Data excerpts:
§

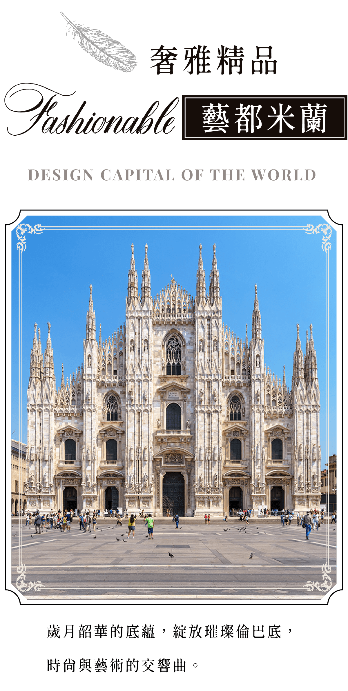 米蘭的市標-米蘭大教堂為世界第三大教堂,有「大理石的詩篇」之美稱。十字形的▲艾曼紐二世迴廊是米蘭最繁華鬧區,高級餐廳與精品名店各式林立,儼然是米蘭的時尚伸展台。
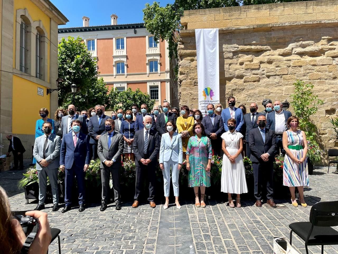 Arropados por la ministra de Industria, Comercio y Turismo, Reyes Maroto, el presidente de la AMCS y alcalde de Logroño, Pablo Hermoso de Mendoza, la presidenta de La Rioja, Concha Andreu; el presidente de Galicia, Alberto Núñez Feijóo; la presidenta de Navarra, María Chivite; el presidente de Castilla y León, Alfonso Fernández Mañueco, y el consejero de Educación, Cultura y Deporte del Gobierno de Aragón, Felipe Faci, han firmado la Declaración de Cooperación Institucional del Camino de Santiago Francés.
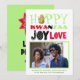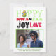 Adicione sua própria foto e saudação personalizada a este cartão de Kwanzaa moderno e trendy. Confira o design de paz, amor e alegria no verso! É divertido e moderno, as cores tradicionais de Kwanzaa verde, vermelho e preto se destacam e uma espiga de milho. Você consegue encontrar?
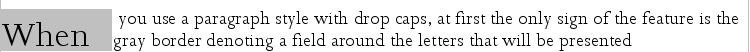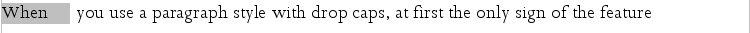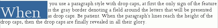 When you use a paragraph style with drop caps, at first the only sign of the feature is the gray border denoting a field around the letters to be presented as drop caps. Be patient. As you type, the drop caps gradually assume their full size and position. When the paragraph's number of lines reaches the height of the drop caps, the drop caps finally are revealed in all their glory and your document has a small touch of elegance.
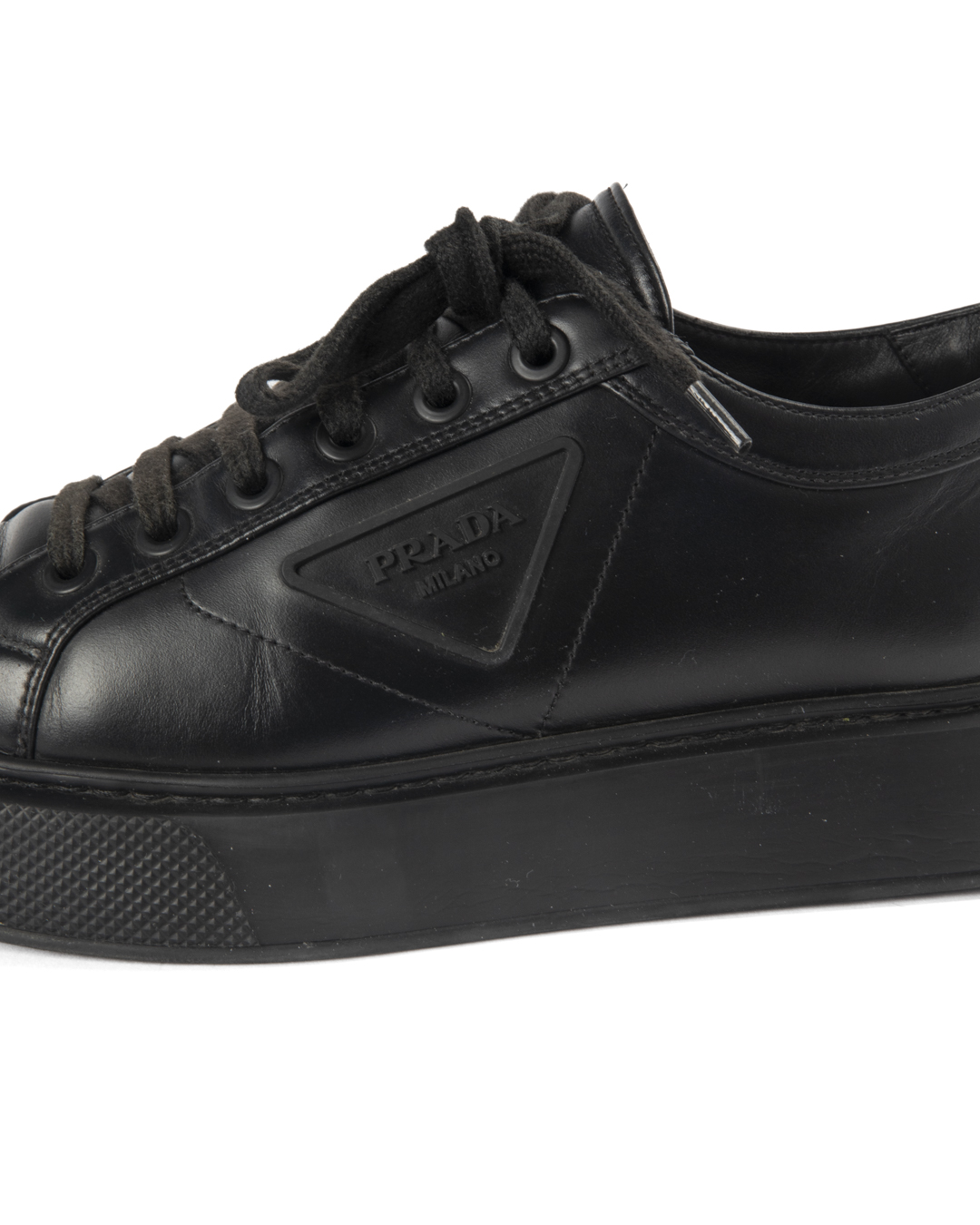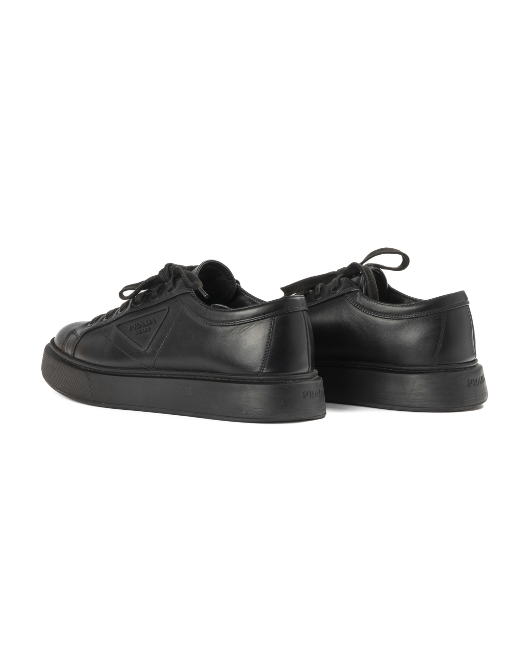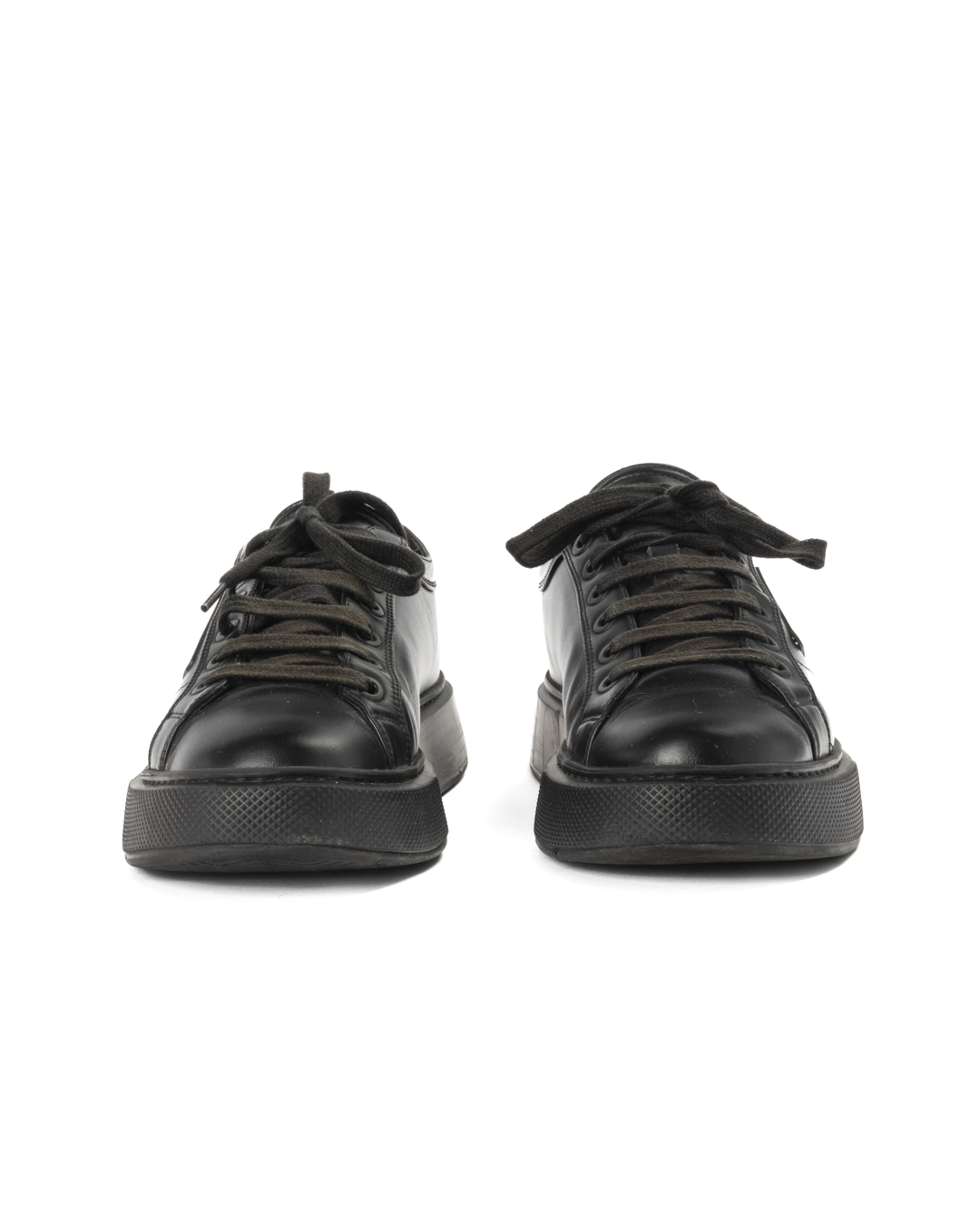 Sneakers firmate Prada, modello Macro, realizzate in pelle nera e arricchite dal classico logo del brand sul lato. Presentano una suola doppia in gomma tono su tono, numero 41 IT. L'articolo si presenta in buone condizioni, con segni di usura visibili in foto.
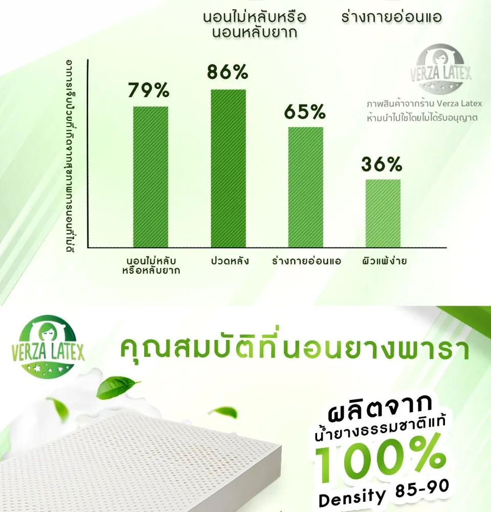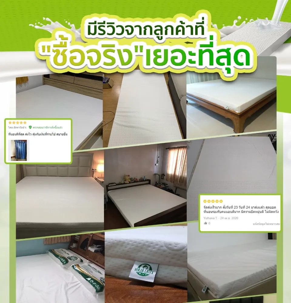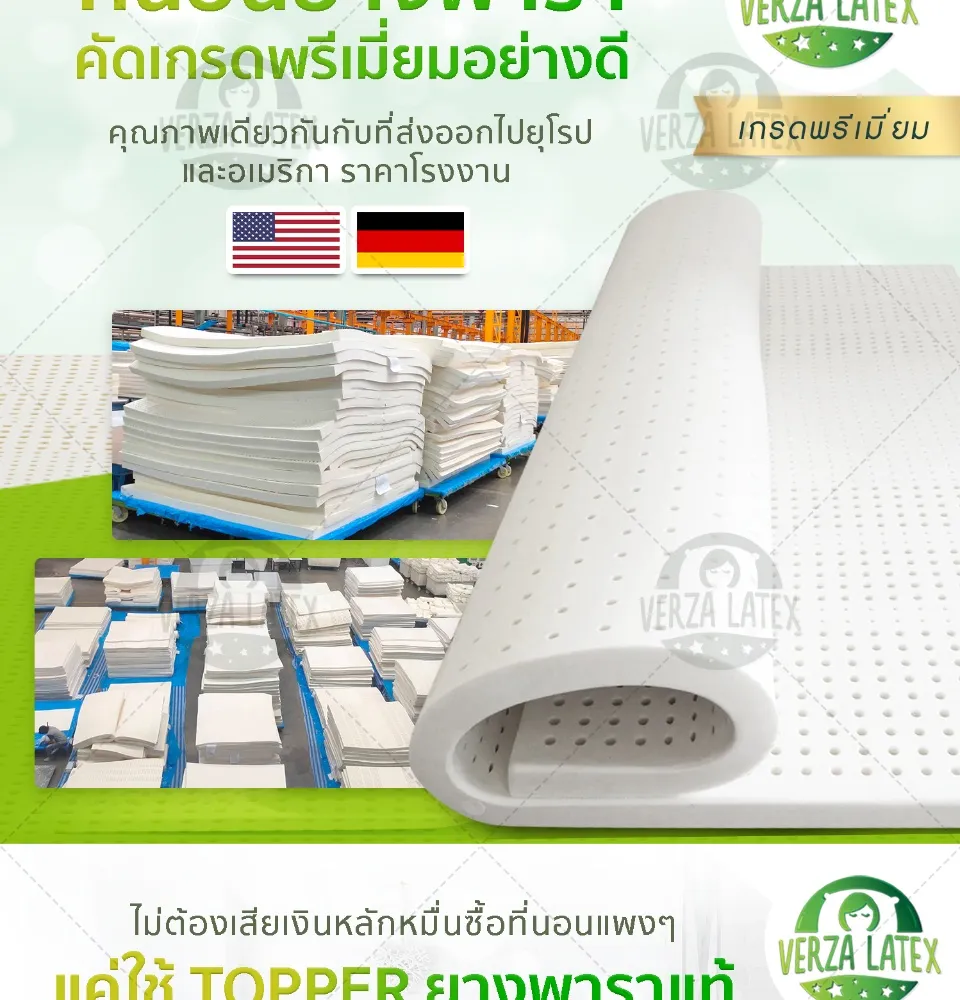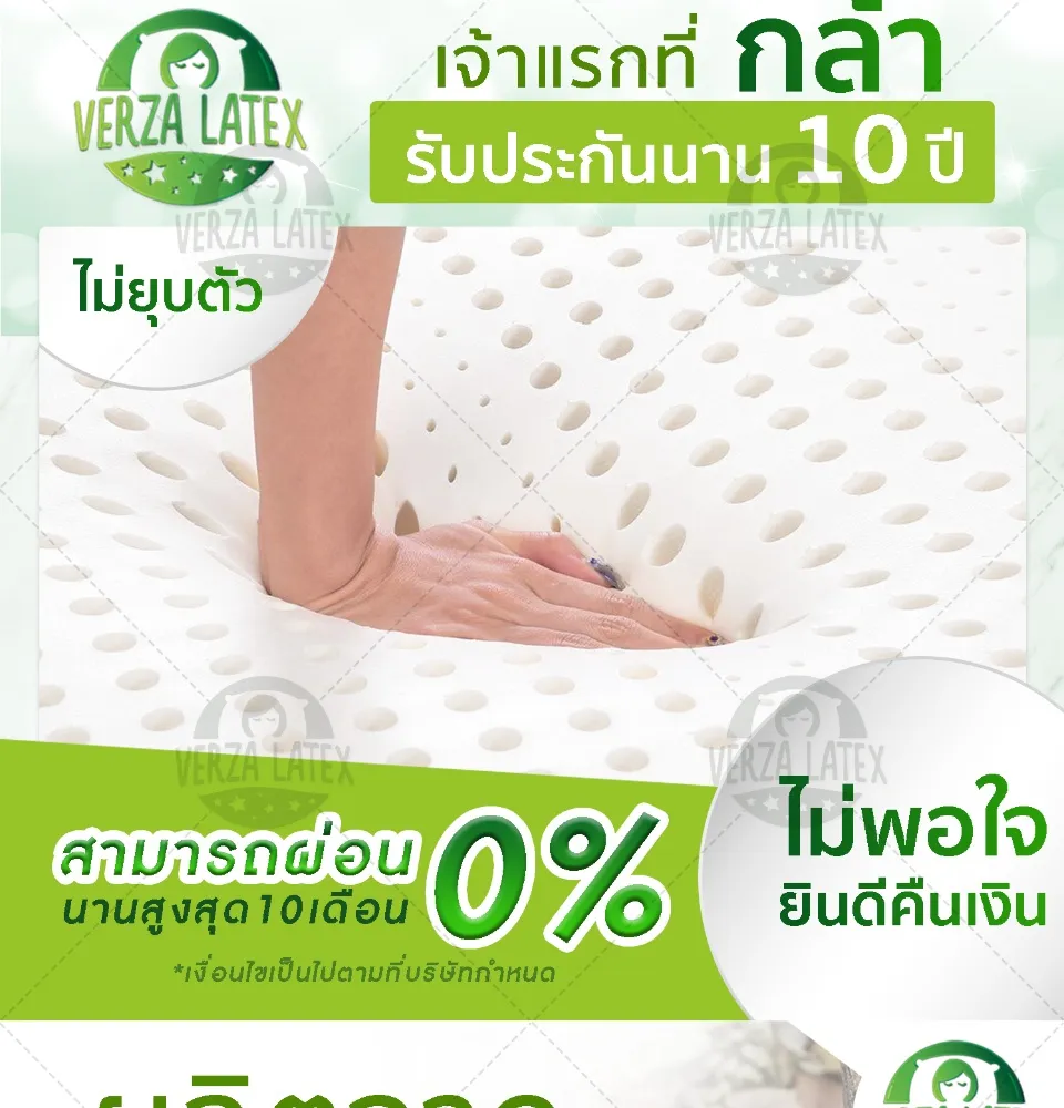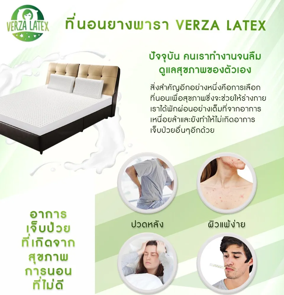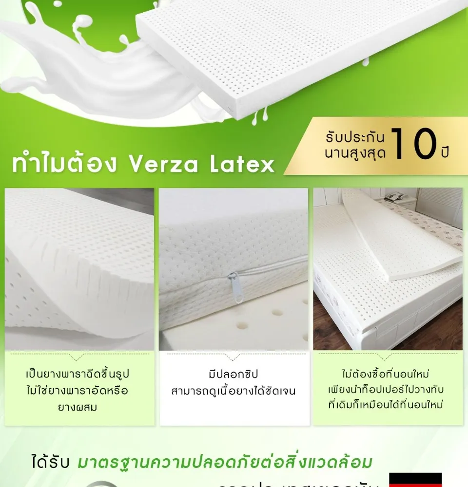 F1883 VERZA LATEX ส่งฟรี!! ผ่อน0% TOPPER ที่นอนยางพาราแท้ 5 ฟุต หนา 2 นิ้ว รุ่น Premium/Lite รุ่นPremiumแถมปลอกถอดซักได้และหมอน รุ่น Lite ไม่มีของแถม ประกัน 10 ปี

§

REQUIREMENT: Reproduce the data exactly, please, and omit its pictures.

RESULT OF THIS TASK:
 米蘭的市標-米蘭大教堂為世界第三大教堂,有「大理石的詩篇」之美稱。十字形的▲艾曼紐二世迴廊是米蘭最繁華鬧區,高級餐廳與精品名店各式林立,儼然是米蘭的時尚伸展台。
 Arropados por la ministra de Industria, Comercio y Turismo, Reyes Maroto, el presidente de la AMCS y alcalde de Logroño, Pablo Hermoso de Mendoza, la presidenta de La Rioja, Concha Andreu; el presidente de Galicia, Alberto Núñez Feijóo; la presidenta de Navarra, María Chivite; el presidente de Castilla y León, Alfonso Fernández Mañueco, y el consejero de Educación, Cultura y Deporte del Gobierno de Aragón, Felipe Faci, han firmado la Declaración de Cooperación Institucional del Camino de Santiago Francés.
 Adicione sua própria foto e saudação personalizada a este cartão de Kwanzaa moderno e trendy. Confira o design de paz, amor e alegria no verso! É divertido e moderno, as cores tradicionais de Kwanzaa verde, vermelho e preto se destacam e uma espiga de milho. Você consegue encontrar?
 When you use a paragraph style with drop caps, at first the only sign of the feature is the gray border denoting a field around the letters to be presented as drop caps. Be patient. As you type, the drop caps gradually assume their full size and position. When the paragraph's number of lines reaches the height of the drop caps, the drop caps finally are revealed in all their glory and your document has a small touch of elegance.
 Sneakers firmate Prada, modello Macro, realizzate in pelle nera e arricchite dal classico logo del brand sul lato. Presentano una suola doppia in gomma tono su tono, numero 41 IT. L'articolo si presenta in buone condizioni, con segni di usura visibili in foto.
 F1883 VERZA LATEX ส่งฟรี!! ผ่อน0% TOPPER ที่นอนยางพาราแท้ 5 ฟุต หนา 2 นิ้ว รุ่น Premium/Lite รุ่นPremiumแถมปลอกถอดซักได้และหมอน รุ่น Lite ไม่มีของแถม ประกัน 10 ปี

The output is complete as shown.